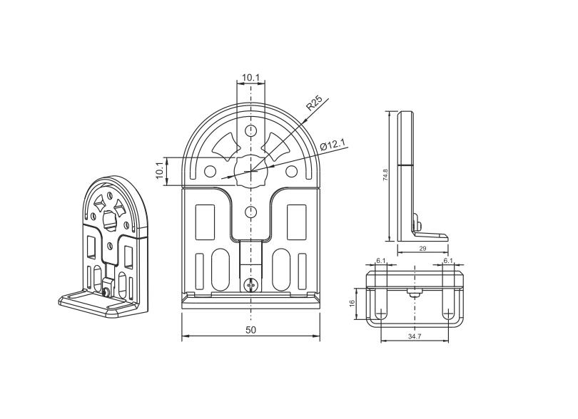 Крепление пластик для АМ35, квадратное отверстие (1.04.0315) — это пластиковый кронштейн/держатель для установки узла рулонной системы с приводом AM35, где посадка выполнена под квадратное отверстие.
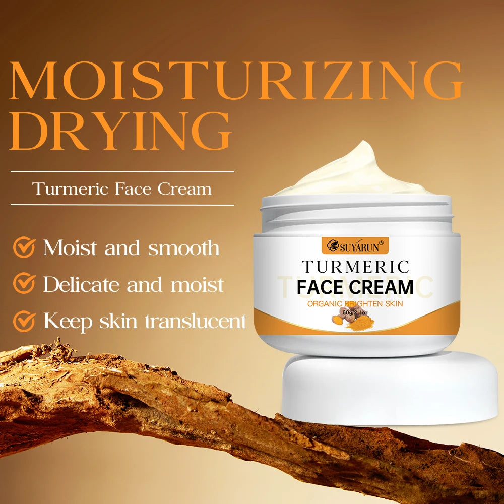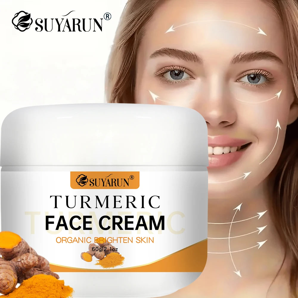 SUYARUN Turmeric Face Cream - Anti-Aging & Brightening, Oil-Free Moisturizer for Sensitive Skin, Organic Skincare with Vitamin E
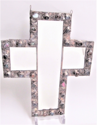 JUGEMテーマ:ステンドグラス 以前お読みになった小説に 隠れキリシタンが 宝石の付いた十字架を 代々守っている という下りがあり 物語をイメージした 十字架を制作されました クロスの中央は、鏡です フレームには、天然石を 半田付けをしました ア...
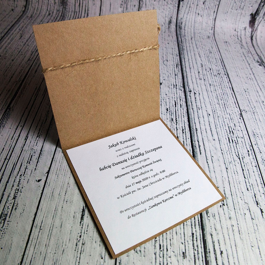 ☑️ Ця пропозиція поширюється на запрошення до Святого Причастя, виготовлені з паперу вагою 300 г і розміром 13,5 х 13,5 см. Інші елементи, такі як колір паперу, тип шнурка тощо, є питанням індивідуальної персоналізації.
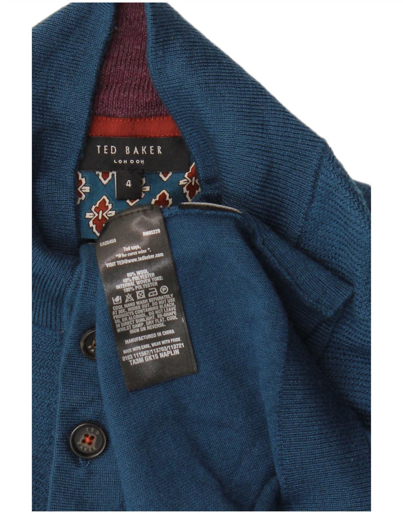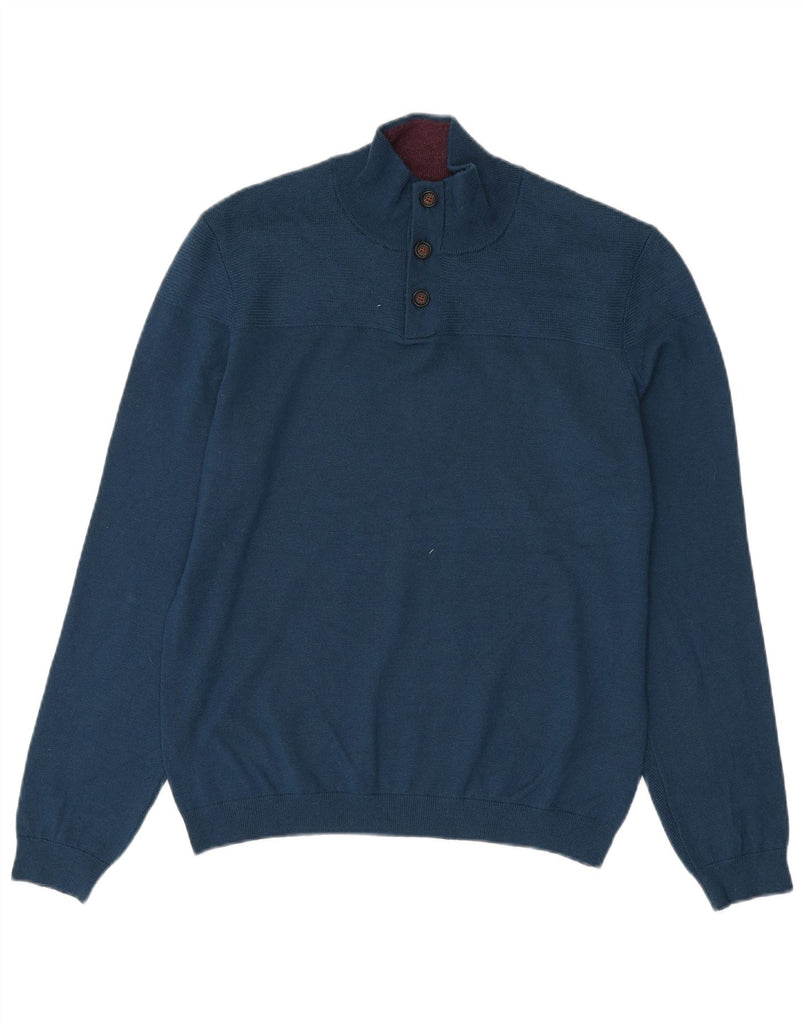 TED BAKER Mens Button Neck Jumper Sweater Size 4 Large Blue Wool
· · · · ·
▸ Problem statement
Repeat word for word only the lines from the line holding "питанням індивідуальної персоналізації." to the final line of the material, both included. Don't carry over any picture.

▸ Answer for the task
 ☑️ Ця пропозиція поширюється на запрошення до Святого Причастя, виготовлені з паперу вагою 300 г і розміром 13,5 х 13,5 см. Інші елементи, такі як колір паперу, тип шнурка тощо, є питанням індивідуальної персоналізації.
 TED BAKER Mens Button Neck Jumper Sweater Size 4 Large Blue Wool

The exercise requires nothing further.